Local global feature enhanced transformer with attention pruning for precise medical image segmentation.
Authors
Affiliations (3)
Affiliations (3)
- The Third Affiliated Hospital of Kunming Medical University, Yunnan Cancer Hospital, Peking University Cancer Hospital Yunnan, Kunming, China.
- Chongqing Technology and Business University, School of Artificial Intelligence, 19 Xuefu Avenue, Nan'an District, Chongqing, China.
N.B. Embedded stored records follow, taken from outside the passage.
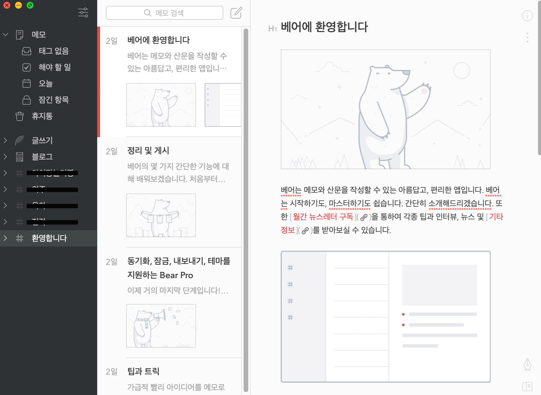 요즘 필기앱/노트앱을 비교해보고 있는 중이라... 구글에서 검색하면 많이 언급되던 앱 중의 하나인 베어(Bear)를 설치해 보았다. 나는 보통 스케쥴 및 각종 정보들을 노션(Notion)에서 정리하고 관리하는데, 스스로 이 앱의 용도를 업무용(?)으로 정했기 때문인지 일상의 에피소드 혹은 아무렇게나 떠오르는 생각들을 기록하는데에는 왠지 모를 거부감이 있었다. 그래서 글쓰기에 집중할 수 있는 앱을 찾고 있었는데, 베어가 메모 기능에 중점을 두었다고 하여 기대가 되었다.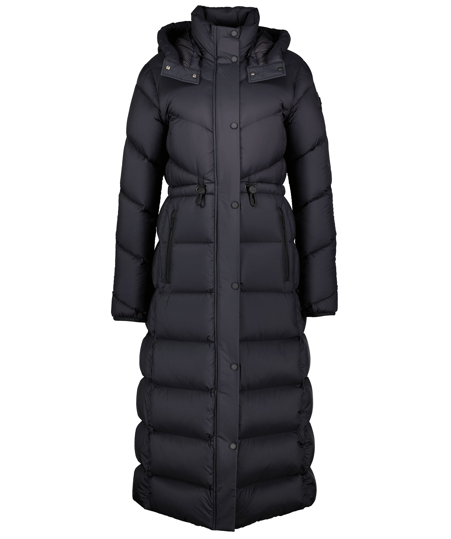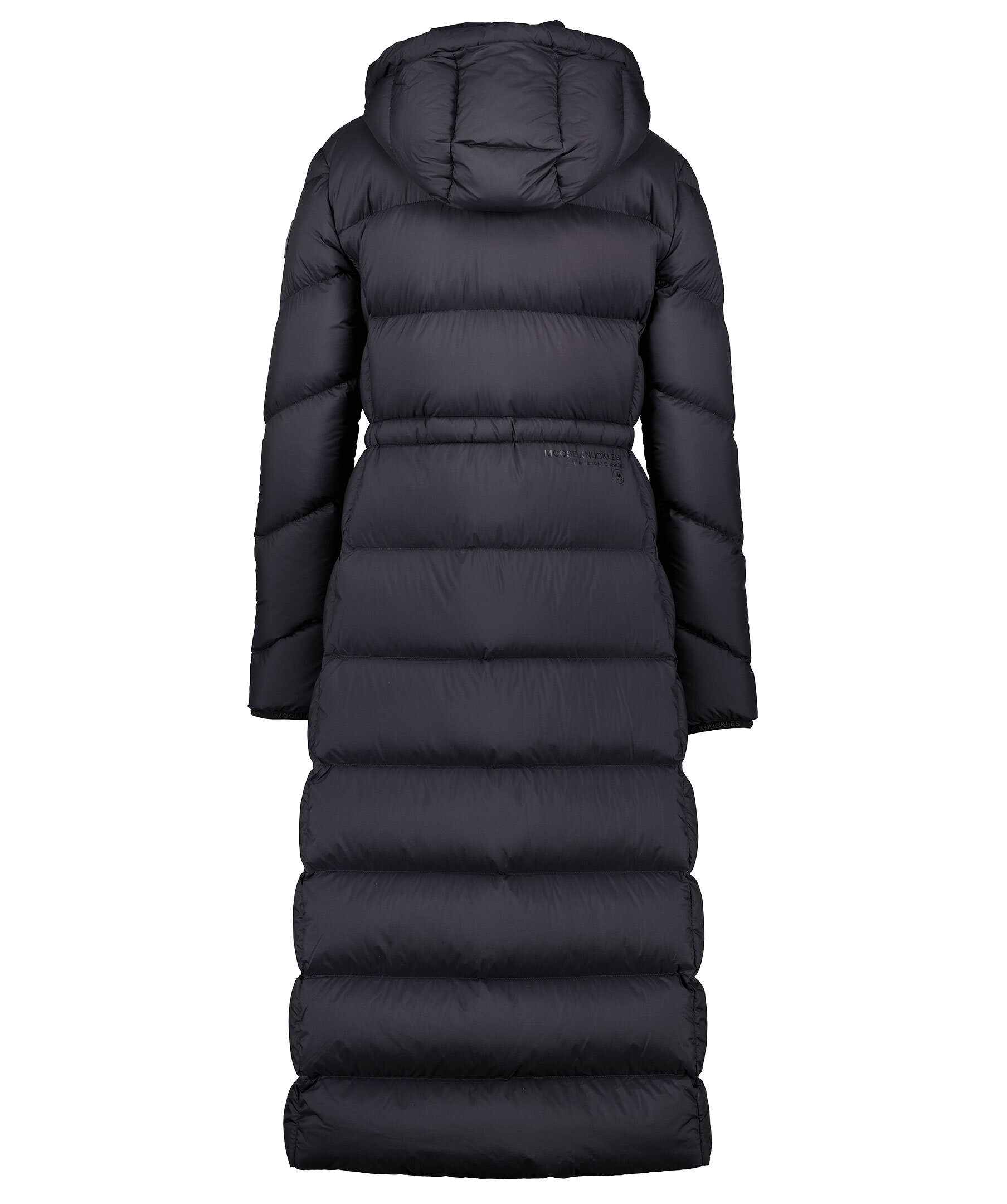 Svart lång dunkappa från Moose Knuckles. Löstagbar luva, dragsko i midjan, två fickor fram, två innerfickor.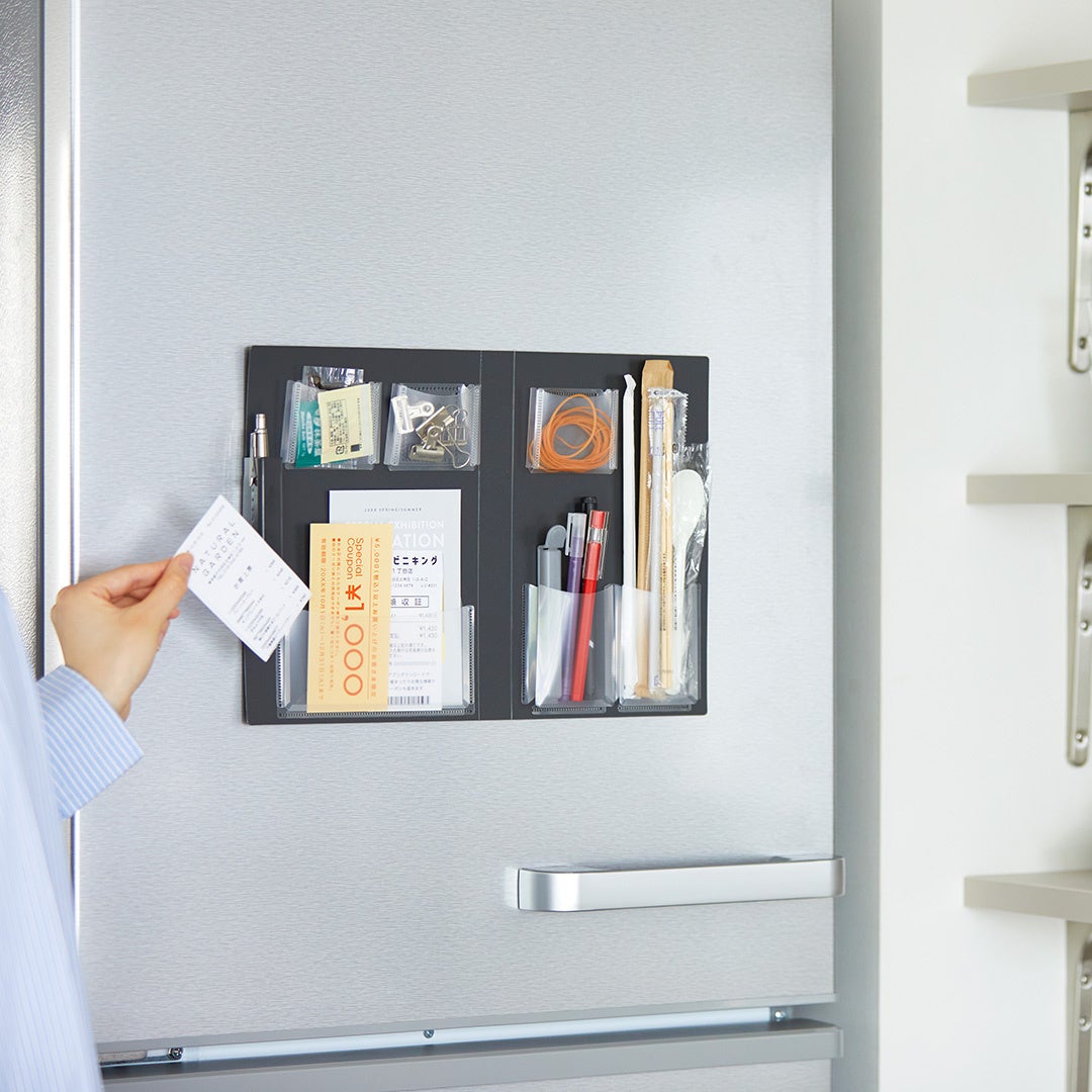 冷蔵庫まわりの散らかりがちなアイテムをひとまとめにし、マグネットで貼り付けられるファイルです。「書類整理タイプ」「小物整理タイプ」「郵便物整理タイプ」の3タイプを展開します。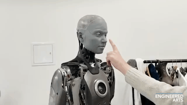 Ameca, o robô humanóide da Engineered Arts que tem uma ampla gama de expressões faciais realistas e interações físicas responsivas e está ainda mais avançado.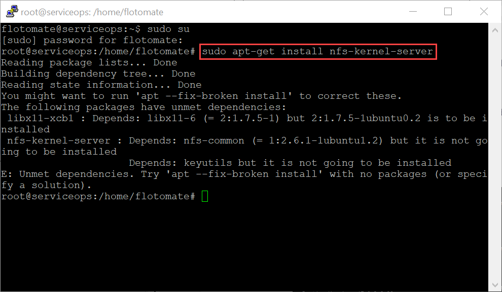 sudo suInstall the NFS Common Server using the below command: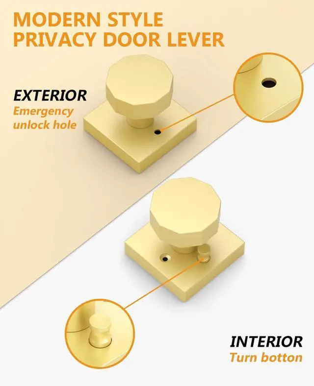 Enhanced Security: Elevate your home security with our meticulously crafted privacy gold door knob. Engineered with precision, our gold door handles boasts a state-of-the-art locking mechanism designed to withstand tampering and unauthorized entry attempts. The solid construction and reliable operation ensure that once locked, your door remains firmly sealed, deterring potential intruders and safeguarding your property and loved ones.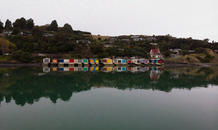 Historic old colorful boat sheds colored wooden houses on Duvauchelle Bay shore in Akaroa Harbour Banks Peninsula Canterbury South Island New Zealand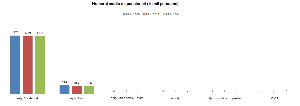 Numarul mediu de pensionari din Romania la finalul anului trecut a fost, potrivit calculelor INS, de 5,555 milioane persoane, in scadere cu 106.000 persoane fata de ultimul trimestru din 2010 si cu 21.000 persoane fata de trimestrul III 2011. Pensia medie lunara a fost in trimestrul IV 2011 de 760 lei, mai mare cu 5,4% fata de acelasi trimestru al anului precedent si cu 0,3% fata de trimestrul III 2011, mai arata Statistica.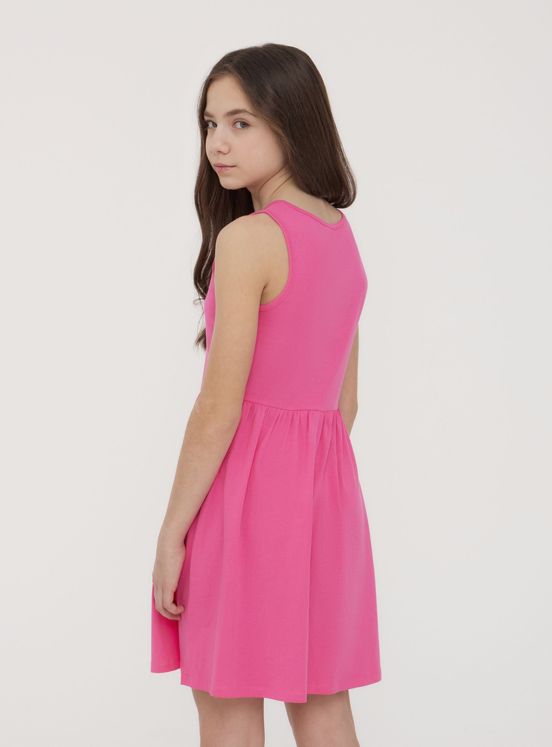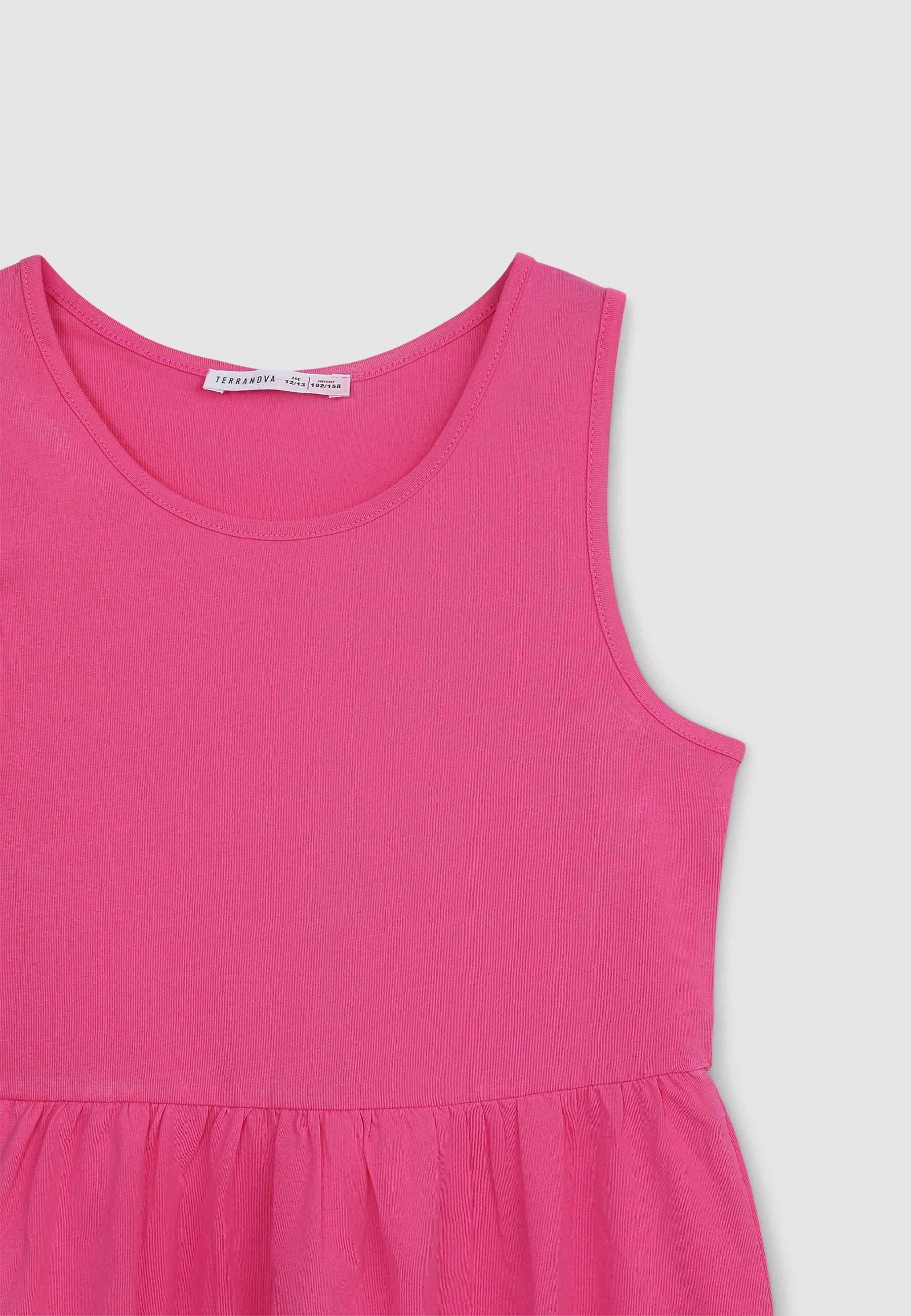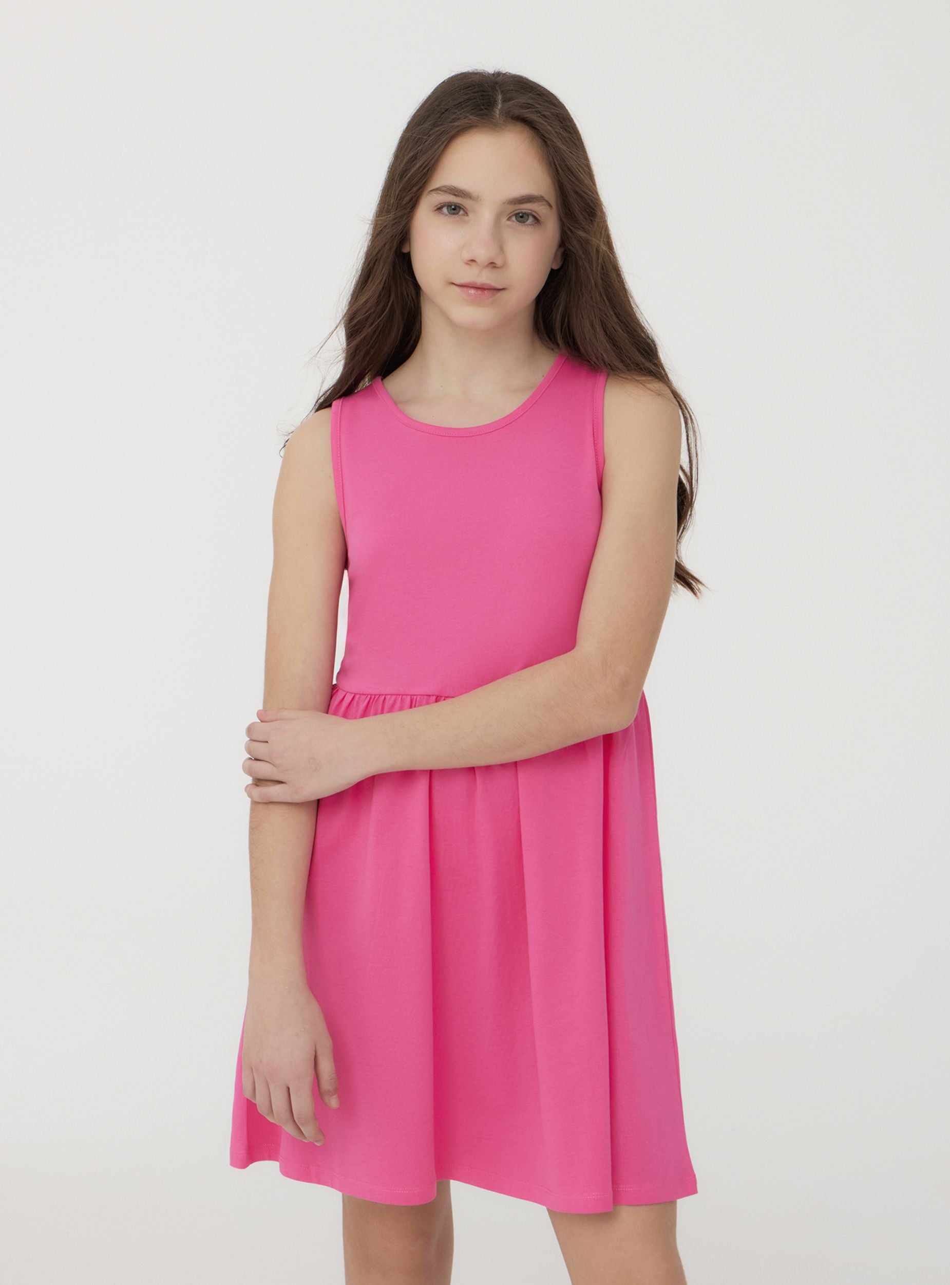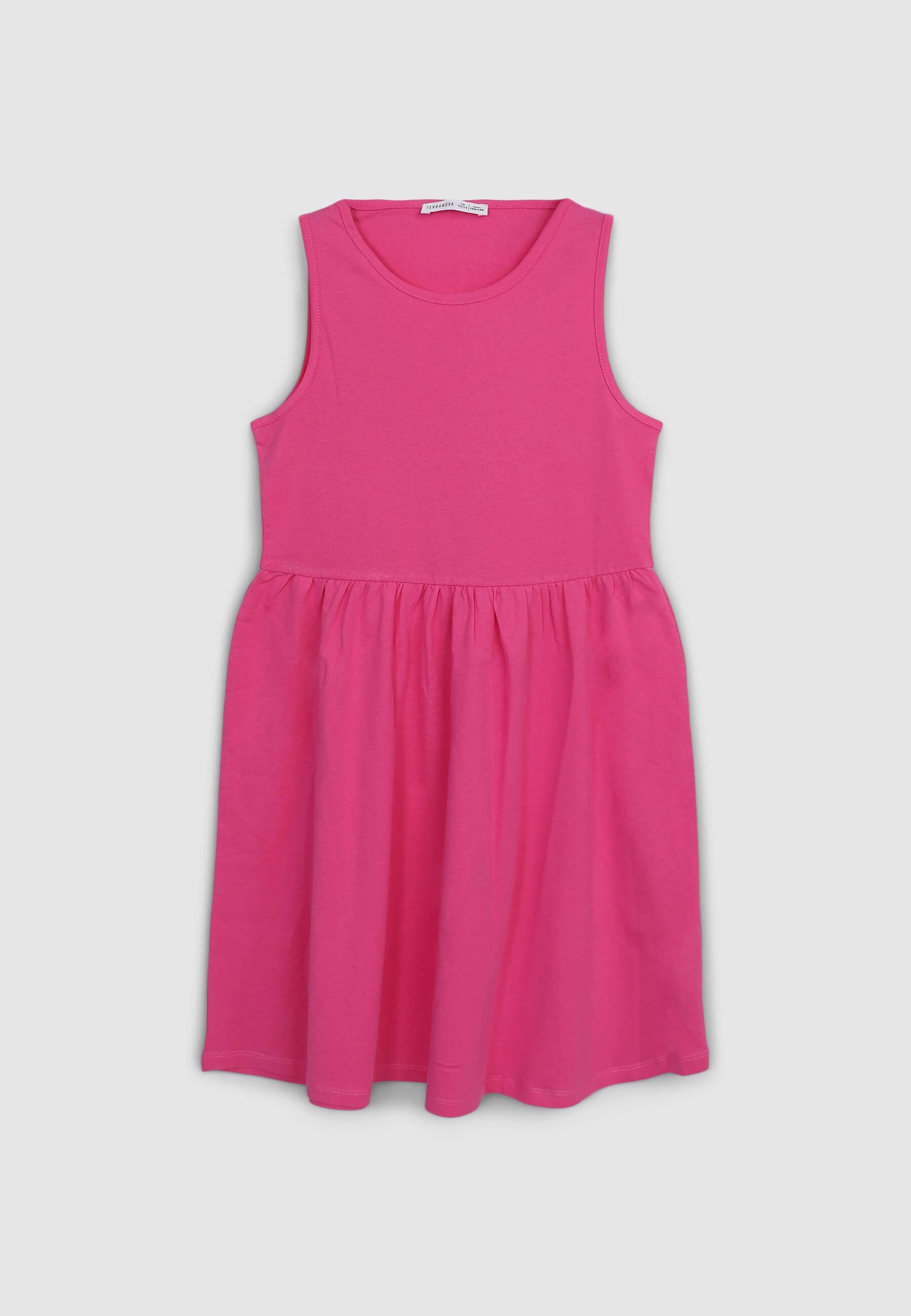 Abito da bambina dal design semplice e delicato, caratterizzato da una tinta unita che ne esalta l'eleganza. Smanicato per garantire freschezza e libertà di movimento, è realizzato in morbido jersey, ideale per le giornate estive. La linea fluida della gonna dona leggerezza e comfort, perfetta per accompagnare le bambine nelle loro avventure quotidiane.

- The First People's Hospital of Yunnan Province, 157 Jinbi Rd, Xishan District, Kunming, Yunnan, China.
Abstract
While Vision Transformer (ViT)-based methods excel at global modeling for medical image segmentation, optimizing them requires capturing fine-grained local details and mitigating attention redundancy. To address these issues, we propose a hybrid Transformer network, named Local Feature Enhanced AgentTopk UNet (LFEAT-UNet). LFEAT-UNet features three key designs: a Local Feature Enhancement (LFE) module to better represent detailed structure information, a Token Selection and Filtering (TSF) mechanism to dynamically prune background tokens, and a Cascaded Multi-scale Patch Perception (CMSPP) module to improve feature fusion. We conducted extensive experiments on Synapse, Automated Cardiac Diagnosis Challenge (ACDC), and a large-scale private adrenal nodule dataset. Our method achieves Dice scores of 83.12% on Synapse and 92.20% on ACDC. The superior results on the challenging private dataset further validate the model's strong robustness. The proposed LFEAT-UNet provides an effective, sparsity-aware solution for medical image segmentation, excelling in delineating complex clinical targets, and shows significant potential for clinical applications.